*Work to complete*. In the copy, include all of the listing exactly and none of its pictures.

*Material provided*.
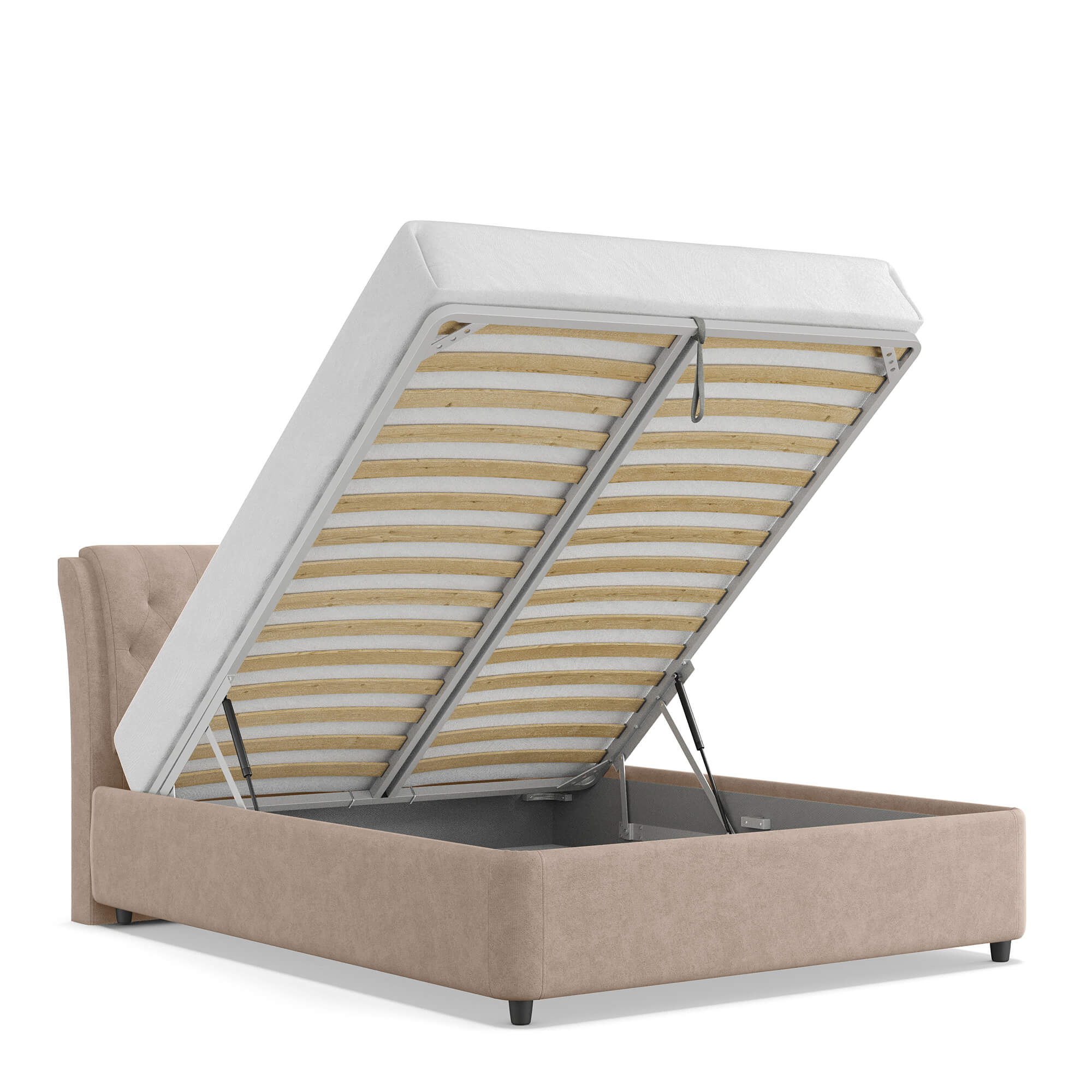 Механизм на газовых лифтах надёжен, безопасен и рассчитан на 25 лет службы. Он плавно и бесшумно поднимает матрас, позволяя открывать ящик без особых усилий.
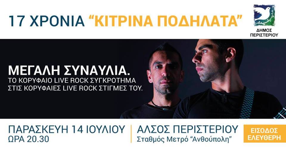 Το γνωστό ελληνικό Rock συγκρότημα «Κίτρινα Ποδήλατα» θα βρεθεί στο Άλσος Περιστερίου για μια μοναδική συναυλία.
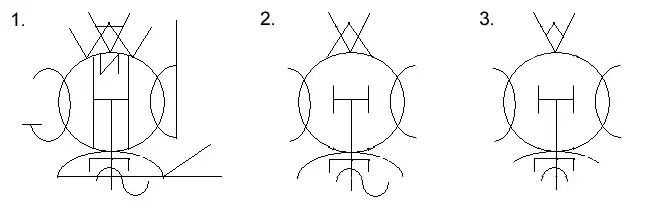 Esquema rústico para exemplificar a construção do sigilo. (Este exemplo é para a frase "Quero ingressos para o show de Rock do dia 27".)

*Exercise response*.
 Механизм на газовых лифтах надёжен, безопасен и рассчитан на 25 лет службы. Он плавно и бесшумно поднимает матрас, позволяя открывать ящик без особых усилий.
 Το γνωστό ελληνικό Rock συγκρότημα «Κίτρινα Ποδήλατα» θα βρεθεί στο Άλσος Περιστερίου για μια μοναδική συναυλία.
 Esquema rústico para exemplificar a construção do sigilo. (Este exemplo é para a frase "Quero ingressos para o show de Rock do dia 27".)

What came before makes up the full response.